The proposed combination approach is superior to the 'naïve' strategy to ignore the differences between the phases and pooling the data to perform just one statistical test. This superiority disappears when there are hardly any differences between the two phases.
When one or more protocol amendments change the inclusion and exclusion criteria, one should realize that the populations may differ. In this case, separate tests for the different phases together with a combination test are a powerful method that can be applied in a variety of settings. The (first) amendment should specify the combination test to be applied in order to combine the different phases.
Protocol amendments are often necessary in clinical trials. Sometimes a change in the inclusion and/or exclusion criteria is required. There are various reasons for a change of the inclusion and exclusion criteria, some of them are mentioned in the ICH E9 guideline  and by Cleophas et al. . On the one hand, newly emerging medical knowledge can be one reason especially for long-term trials, on the other hand, regular violations of entry criteria and too low recruitment rates could also make changes necessary. In any case, changes of the inclusion/exclusion criteria have to be described in a protocol amendment. Moreover, according to Cleophas et al. , the "amendment should also cover any statistical consequences ... and alterations to the planned statistical analysis".

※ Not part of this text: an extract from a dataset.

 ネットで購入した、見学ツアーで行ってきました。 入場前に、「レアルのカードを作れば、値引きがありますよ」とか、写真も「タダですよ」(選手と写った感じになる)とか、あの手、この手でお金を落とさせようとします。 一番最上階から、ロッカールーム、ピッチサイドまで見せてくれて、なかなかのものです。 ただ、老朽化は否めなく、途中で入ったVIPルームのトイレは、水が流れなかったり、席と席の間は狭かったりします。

When entry criteria are changed during the trial, the populations before and after the amendment may differ. Chow and Shao  presented an example of a placebo-controlled clinical trial in patients with asthma. Because patient enrolment was slow the inclusion criteria were relaxed. To be precise, according to the original protocol, patients with a baseline FEV1 (forced expiratory volume in liter per second) between 1.5 and 2.0 could be included. The first amendment extended this range up to an upper bound of 2.5, and the second amendment to an upper bound of 3.0. Please note that the change in FEV1, i.e. the difference between the value after treatment and that at baseline, was the primary endpoint in this study.
Other examples of amendments that change entry criteria were presented [4,5]. Svolba and Bauer's  example is a two-armed, long-term trial that investigated the time until relapse of cutaneous melanoma. In this study an amendment to the protocol increased the inclusion limit for cholesterol. Dubertret et al.  report the results of a phase III placebo-controlled trial in patients with moderate-to-severe plaque psoriasis. In this trial efalizumab, a humanized monoclonal antibody, was compared with placebo. During the study the protocol was amended to modify the inclusion criteria.

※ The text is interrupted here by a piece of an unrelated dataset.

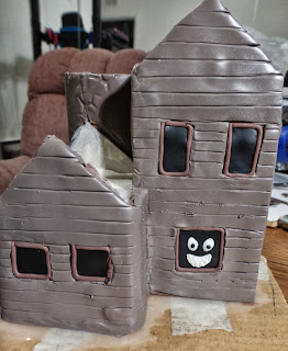 I used heavy cardboard for the base and to cut out the shapes of the house. For the tower I used the tube from a roll of paper towels. Everything was securely taped and glued together and then I wrapped the whole thing in black clay to make one solid piece and to make the windows look dark when I cut them out. After I baked that it was easier to apply the walls of the house. I cut out windows and the door and framed them with thin strips of clay.

These examples show that amendments that relax or modify the entry criteria occur in different indications. Moreover, in the examples the entry criteria were changed once or at least twice. In practice, the inclusion and exclusion criteria are rarely changed very often.
As mentioned above, the actual patient population after an amendment may deviate from the originally targeted population . For example, a modification of the acceptable range of baseline values can change the variance of the difference value after treatment minus baseline . Usually, the difference in the populations before and after the amendment is ignored in the statistical analysis. As a consequence, the data are pooled; a procedure that can introduce a bias and can decrease the power of the study, maybe beneath the necessary power which was fixed when planning the study.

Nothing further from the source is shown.